The lucky and the not-so-lucky fellows

August 5, 2005

* Alison Lloyd , Cancer Research UK senior fellow in the Medical Research Council-funded Laboratory for Molecular Cell Biology at University College London, is a star researcher.

She wants to continue at UCL, but new rules exclude her and her peers from promotion and may force them to move or close their hard-won research labs early.

Dr Lloyd and others are pushing for a clear and fair policy on the appointment and treatment of senior research fellows. They want UCL to honour its promise of a permanent position for existing staff if their fellowships are renewed.

And they say that new fellows who join departments after the policy change should follow a career path comparable to that of appointed lecturers and be treated as equal to those with permanent positions.

"We have hit a wall with UCL that we didn't know was there," Dr Lloyd said. "Unless it changes, the new scheme means our ability to apply for research funding will be severely curtailed.

"A senior fellowship is a prestigious award. It allows individuals to start their own lab and focus on research. It's a fantastic opportunity and the best environment for my science."

But without the guaranteed salary that a permanent position provides, researchers cannot apply for research grants to sustain their labs.

The lack of clarity and transparency about the future fellows face once their funding runs out is a problem. Dr Lloyd would like to see a more formalised approach that included written agreements.

"We bring a lot to the university, but we are viewed with suspicion," she said.

"As time moves on, it's the university that is not standing up to what it agreed. The university is really falling short. There's a lack of clarity and of thought.
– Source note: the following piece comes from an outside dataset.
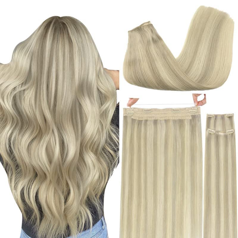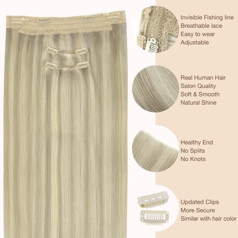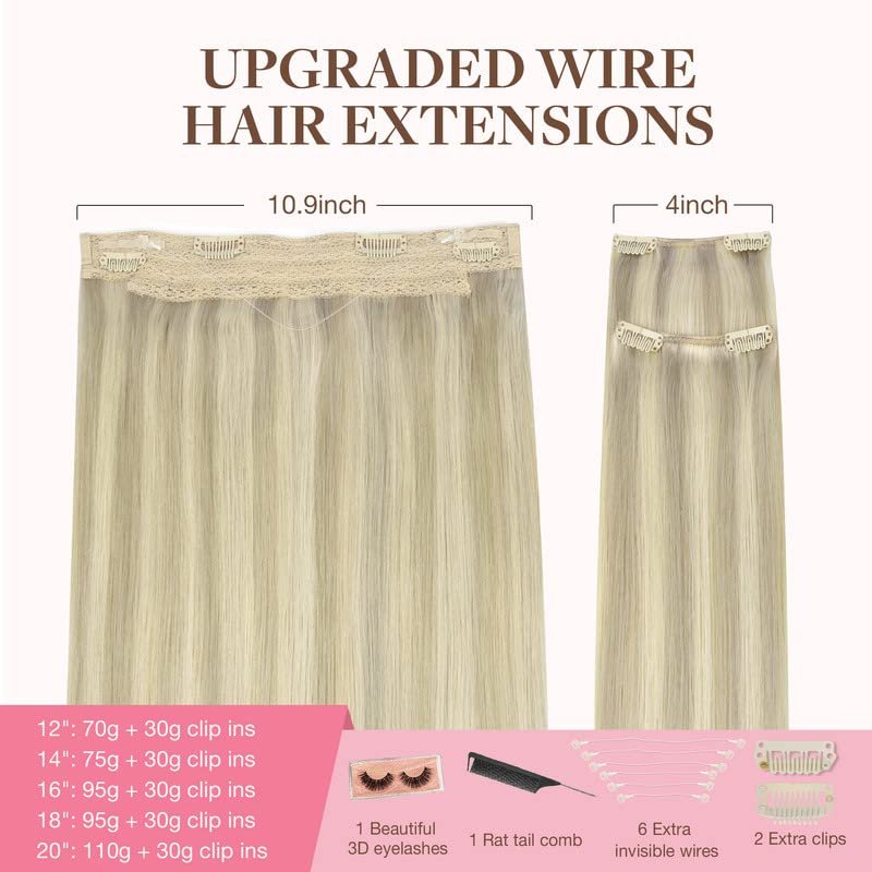 GOO GOO Wire Hair Extensions Human Hair, 17A/60A Ash Blonde mix Platinum Blonde Highlighted 20inch 140g, Invisible Wire Hair Extensions with Transparent, Seamless Fish Line Hairpiece

This is a great university and it is harming itself."

Louise Cramer , a Royal Society senior fellow also at UCL's Laboratory for Molecular Cell Biology, said: "We are both very happy with our funding bodies and think that senior research fellowships are great for UK research.
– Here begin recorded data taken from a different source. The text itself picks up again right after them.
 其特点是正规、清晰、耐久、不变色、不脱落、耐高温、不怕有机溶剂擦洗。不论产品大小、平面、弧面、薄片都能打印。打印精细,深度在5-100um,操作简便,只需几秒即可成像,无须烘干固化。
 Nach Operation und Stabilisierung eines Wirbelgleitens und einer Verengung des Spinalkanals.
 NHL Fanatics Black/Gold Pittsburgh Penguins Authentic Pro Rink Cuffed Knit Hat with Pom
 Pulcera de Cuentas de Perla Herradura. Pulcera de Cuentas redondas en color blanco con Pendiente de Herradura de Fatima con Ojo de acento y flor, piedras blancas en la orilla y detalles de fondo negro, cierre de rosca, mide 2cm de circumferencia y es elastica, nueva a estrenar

"But many universities need to develop a clearer and fairer policy on their treatment of fellows."

* David Stephens is one of "the lucky ones".

He returned from Germany, where he held a postdoctoral post, to an MRC non-clinical career development fellowship in biomedical science at Bristol University. The post granted him complete independence and allowed him to set up his own lab. "You can't apply the same statements to any individual institution," he said.

"The biochemistry department at Bristol has supported me very well, with very good guidance and mentoring. It's been made very clear in a very nice way all the way through that there's no planned position at the end of it and that it's up to me to make my own arrangements."

At the same time, he has been fully integrated into the department and been included in all teacher training and staff development courses. But he admits that good procedure is generally found at departmental rather than institutional level.

Dr Stephens, who is about to start an MRC senior fellowship, said: "Towards the end of the fellowship, a lot of focus is put on what you are going to do.

"There is no magic answer, but it does help to have advice on this and communication needs to be there."

He said it was important to see a fellowship as an opportunity rather than a career structure. But he added that more guidance from funding agencies would help. "It would be nice just to get a phone call to see how you are getting on."

* Stephen Taylor returned from postdoctoral work in America to start a five-year fellowship from the Biotechnology and Biological Sciences Research Council based at Manchester University.

"It allowed me to set up my lab and covered my salary and research costs," Dr Taylor said.

He was "intellectually independent" but was well integrated into the faculty and provided with lab space, an office and access to assistance from PhD studentships.

He was on an equal footing with other members of staff, as opposed to being treated like a glorified postdoc.

"Then I was in a good position to start writing for my own grants and use the fellowship as a platform to build my own research team."

Halfway through his fellowship, the department agreed to underwrite it, which offered job security. But Dr Taylor applied for a senior fellowship as a way of staying in control of his teaching and administrative load and of taking his science in the direction he wanted.

Academic staff in the department were endlessly supportive, Dr Taylor said, and gave advice on where to look for fellowships, how to make applications and what to do in interviews - help he now offers to others.